I'm back in the creweniverse once more!
I've been back for about a week and a half now and WW-wise it's not been smooth sailing.
I've been binging massively- buying too many snack foods and chocolate and eating them all rather than stickng to my meal plan. And the drinking...oohhhhh the drinking. Back home I'm not a heavy drinker at all, I can literally count the drinks I had over the summer, but back at uni it's a different matter entirely. Yes iI started on teh vodka and coke, but then I was offered wine, and then MORE vodka, and then I went and ate stupid amounts of junk. And then L went and made fairy cakes and iced me one with my name on it...and I couldn't NOT eat it. Then there was the beginning of freshers weekend, where I drank cider. Notl ight cider. Proper cider. And yet more vodka...and then there was the first BIG big night out with everyone last night. Where there were buy one get one free cocktails....the less said about them the better.
Anyway, yes, need to stop doing that. Chalk it up as a one off and move on.
Still on the upside I was thinking how much worse it could have been. If I hadn;t joined WW I would have been drinking cider and wine all the time, and binging on chinese and chips instead of just large amounts of low fat snacks. It could be so much worse than this.
My measuring tape hasn't been unpacked yet but my WI results for the last 2 meetings are
last week: -0.5lbs(the massive loss catching up with me)
this week: +0.5lbs, which isn't as bad as I thought it would be. In a strange way I wish I'd gained more so it would set me more of an example of how NOT to eat and drink. Grrr.
Nonetheless I've gotten my ass kicked back into gear by GIANT NSVs. Seeing everyone again after 3 months was wonderfful- last time I'd seen most of them I was 22lbs heavier- and they noticed! And spent all night telling me how gorgeous and healthy and happy I looked!!!!!!!
And naturally they asked how I've done it and I told them Weight Watchers...so they'll all be sneakily keeping an eye on me from now on- even if they don't let on! I know what they're like...
The support just continued marvelously when my housemate S moved in, and one of the first things she said was how much weight she'd gained this summer and that she wanted to join WW with me! So I get a live-in buddy!
L is being horribly painfully unsupportive however. She keeps making snide comments about WW and trying to persuade me to eat junk food and make cakes and things. When someone asked her "Don;t you think Florrie looks so great now" in response to how much I've lost so far she just gave a really nasty disbeliving look.

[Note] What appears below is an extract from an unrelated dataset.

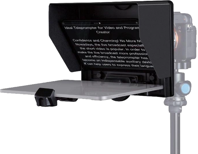 Teleprompter jest również wyposażony w osłonę przeciwsłoneczną, która skutecznie zapobiega zakłóceniom świetlnym i sprawia, że wyświetlane treści są wyraźniejsze.

And L is otherswise my best friend, I love her to bits and she's wonderful about all sorts of other issues so I don;t know why she's acting so bitter about this. If it carries on I'm going to have serious words with her-something I'm VERY bad at doing.
I'm determined to get fully back on track this week and have something resembling a plan.
Today I bought the WW delicious cookbook- which has some gorgeous looking veggie recipes-a lot of which I can batch cook and then keep portions in the freezer for busy nights, so when I get home(no internet in the house yet- I'm sat in the library)I'm going to plan out the weeks meals in full, including some recipes from the book.
I'm also going to try and get down to the market tomorrow morning and buy a load of vegetables cheaply which I'm then going to make a MASSIVE match of 0-points soup for if I'm feeling at all bingey. I bought a set of 10 little round tupperware box things which are microwaveable and perfect sizes for soup, so they'll get frozen in those.
I also got myself an awesome portable salad container thing with a section in the lid for dressing(I'm thinking houmous or cottage cheese maybe) so I'll be having salad lunches lots and lots when I'm on campus. OMNOMNOM!
One final note- I bought a gorgeous dress today...In a size 14!